Matter of Roe (Commissioner of Labor)
2009 NY Slip Op 03804 [62 AD3d 1105]
May 14, 2009
Appellate Division, Third Department
Published by New York State Law Reporting Bureau pursuant to Judiciary Law § 431.
As corrected through Wednesday, July 1, 2009


In the Matter of the Claim of Katherine M. Roe, Appellant. Commissioner of Labor, Respondent.

[*1] Alexander Bursztein, Legal Aid Society of Rockland County, New City, for appellant.

Andrew M. Cuomo, Attorney General, New York City (Gary Leibowitz of counsel), for respondent.

Appeal from a decision of the Unemployment Insurance Appeal Board, filed August 31, 2007, which ruled that claimant was disqualified from receiving unemployment insurance benefits because her employment was terminated due to misconduct.

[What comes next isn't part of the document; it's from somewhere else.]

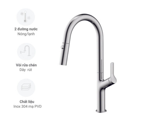 Vòi rửa dây rút có khả năng cung cấp nguồn nước nóng lạnh cơ bản. Đặc biệt, loại vòi này có thiết kế đặc biệt với phần đầu vòi có thể kéo dài, để vừa có thể xả nước dùng cho chậu rửa, vừa có thể kéo dài vòi giúp bạn linh hoạt hơn khi rửa các loại rau củ, chén bát hay cần làm sạch các vật ở xa chậu rửa.

Substantial evidence supports the Unemployment Insurance Appeal Board's finding that claimant, a coordinator for a temporary employment agency for nurses and home health aides, was discharged from her employment due to misconduct. An employee's unauthorized absence from work has been held to constitute misconduct that disqualifies the claimant from receiving unemployment insurance benefits (see Matter of Tahat [Commissioner of Labor], 58 AD3d 921 [2009]; Matter of Britter [Commissioner of Labor], 54 AD3d 461, 461 [2008]). The record establishes that the employer unequivocally denied claimant's request for two weeks of vacation and, instead, offered an accommodation of five business days of vacation time if she submitted a vacation request form. Claimant does not dispute that she failed to submit the requested form and, in any event, did not report to work for at least eight business days. To the extent that testimony by claimant and the employer differed on whether claimant was granted verbal permission to take two weeks of vacation at the time of her hiring, and whether vacation request forms were available, this presented a credibility issue for the Board to resolve (see Matter of Tahat [Commissioner of Labor], 58 AD3d at 921; Matter of Ramirez [Commissioner of Labor], 49 AD3d 953, 954 [2008]).

Peters, J.P., Spain, Kane, Malone Jr. and McCarthy, JJ., concur. Ordered that the decision is affirmed, without costs.